Denn tatsächlich stehen Nachwuchswissenschaftlerinnen und –wissenschaftler in dieser Zeit vor großen Herausforderungen: Exzellente Forschung und herausragende Publikationen werden ebenso erwartet wie zahlreiche Aufgaben in der Lehre. Nicht selten sind Postdocs darüber hinaus im Wissenschaftsmanagement oder der akademischen Selbstverwaltung aktiv. Die Rahmenbedingungen sind dabei gekennzeichnet von großer Konkurrenz um wenige Stellen, hoher Abhängigkeit vom eigenen Lehrstuhl und z.T. geringen finanziellen Spielräumen bei der Entwicklung eigener Forschungsschwerpunkte.
„Ich habe während meiner Promotion zum ersten Mal von dem Programm gehört – und im vergangenen Jahr schließlich die Gelegenheit ergriffen, mich mit dem Robotik-Projekt zu bewerben. Über die Zusage habe ich mich riesig gefreut. Ohne die Förderung der BW-Stiftung könnte ich das Vorhaben in der jetzigen Form nicht verwirklichen. Zugleich empfinde ich es als große Anerkennung meiner Arbeit“, so Dr. Reiser.
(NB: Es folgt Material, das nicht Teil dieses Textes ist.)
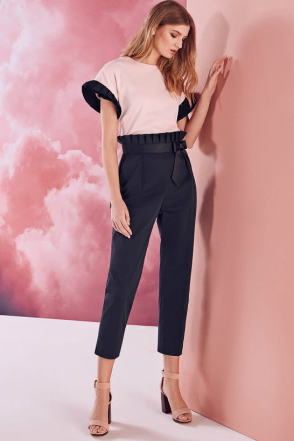 Ensemble pantalon taille haute marine et top à manches plisses rose pâle de marine de Ted Baker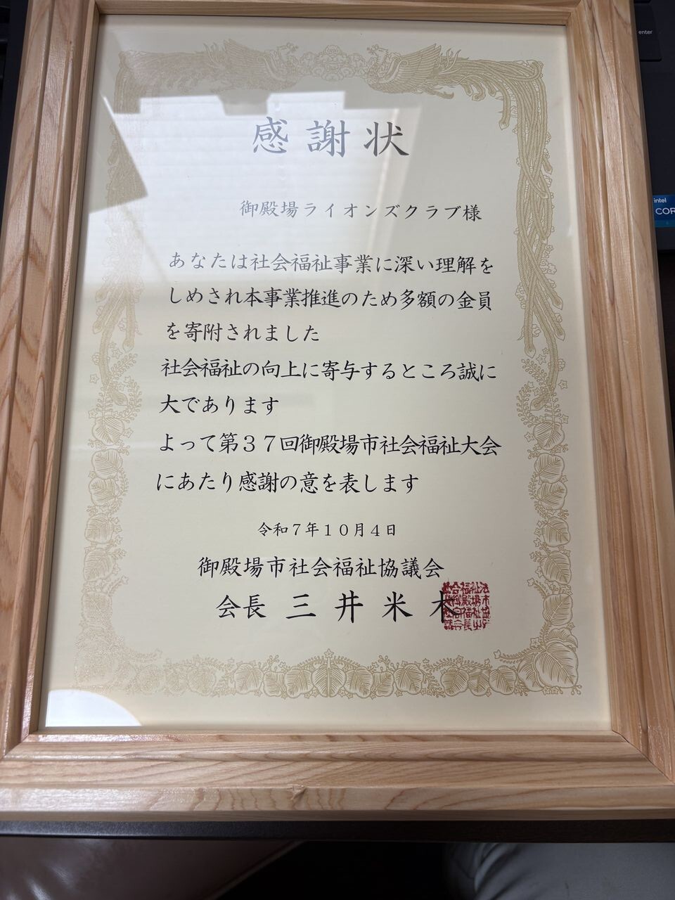 御殿場市の社会福祉大会で御殿場ライオンズクラブが感謝状をいただきました。本年度会長として出席し、受け取らせていただきました。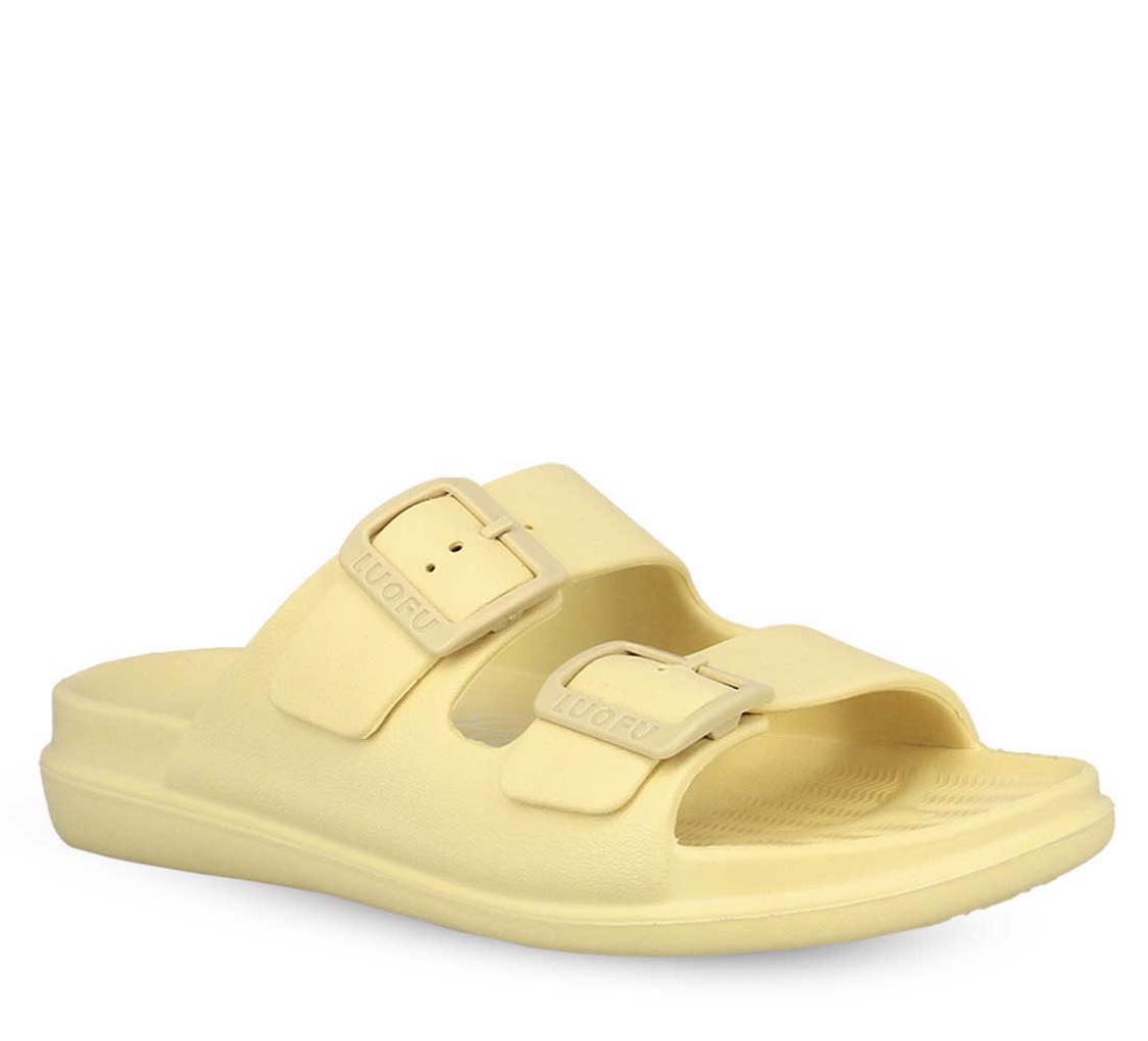 Βάλτε χρώμα στη ζωή σας,απίθανη σαγιονάρα με δύο οριζόντια λουράκια και κούμπωμα με εγκράφα. Μοδάτο σχέδιο με αναπαυτικό εσωτερικό πάτο για να τη φοράτε όλη την ημέρα.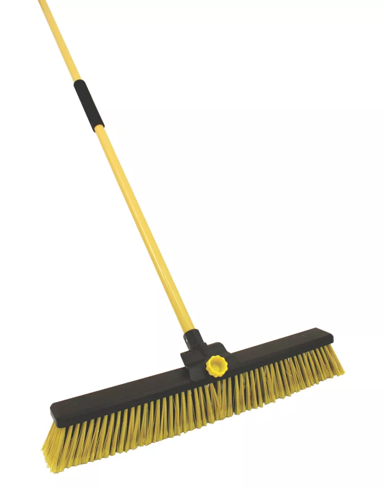 Combined stiff and soft PVC bristles ideal for sweeping up heavy rubble in wet and dry conditions. The soft bristles limit the release of dust particles. Fitted with a strong durable metal handle and heavy duty bracket. Neoprene cushion-grip for comfort. Reverse handle position maintains even wear of broom.
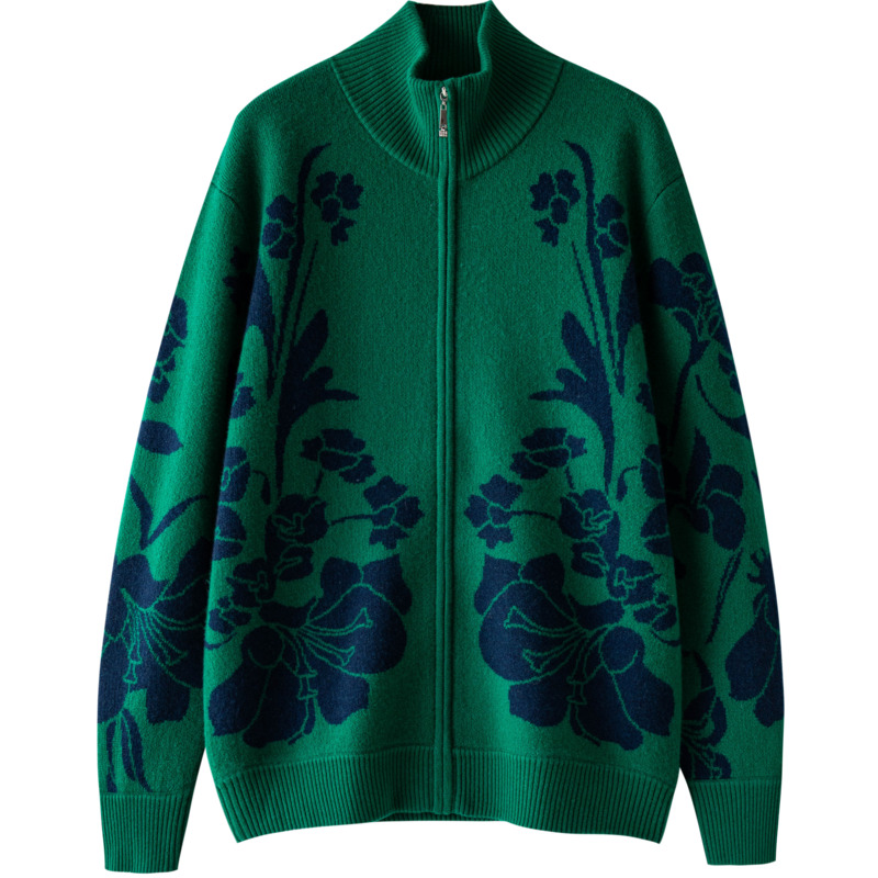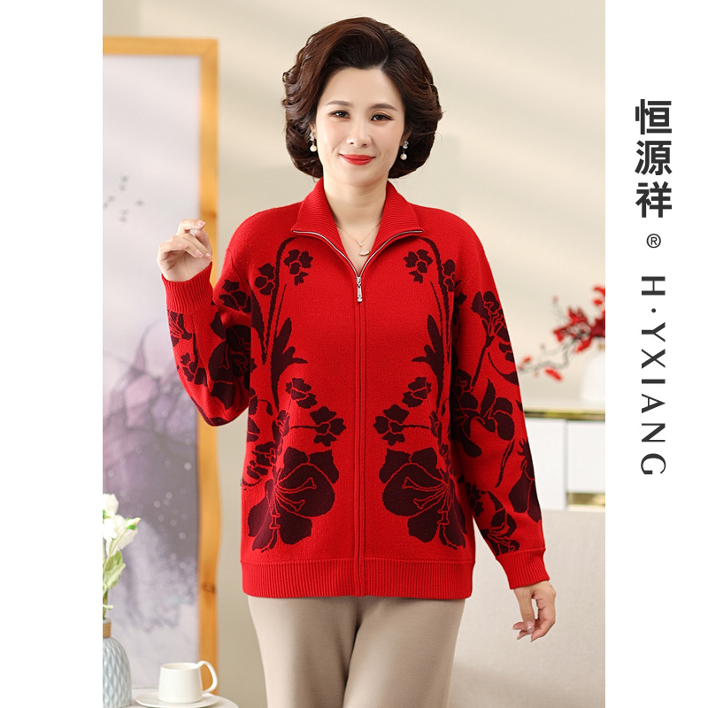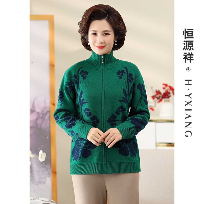 Q恒源祥妈妈装提花羊毛衫女开衫秋冬款休闲拉链中老年厚毛衣外套

2-stufiges Antragsverfahren
Die Anzahl der möglichen Bewerbungen pro Hochschule ist begrenzt (Hohenheim: 5 Anträge pro Jahr). Deshalb findet zunächst eine uni-interne Vorauswahl statt. Interessierte Postdocs reichen dazu eine 1-seite Skizze der Projektidee sowie ein Qualifizierungskonzept ein, das u.a. einen wissenschaftlichen Lebenslauf und künftige Schritte für eine strategische Karriereplanung beinhaltet.
Die Senatskommission Forschung der Uni Hohenheim wählt bis zu 5 Antragsskizzen aus. Nach einem positiven Bescheid bleiben den Postdocs anschließend rund 8 Wochen für die Ausarbeitung des vollständigen Antrags. Die Abteilung Forschungsförderung bietet dabei Unterstützung an.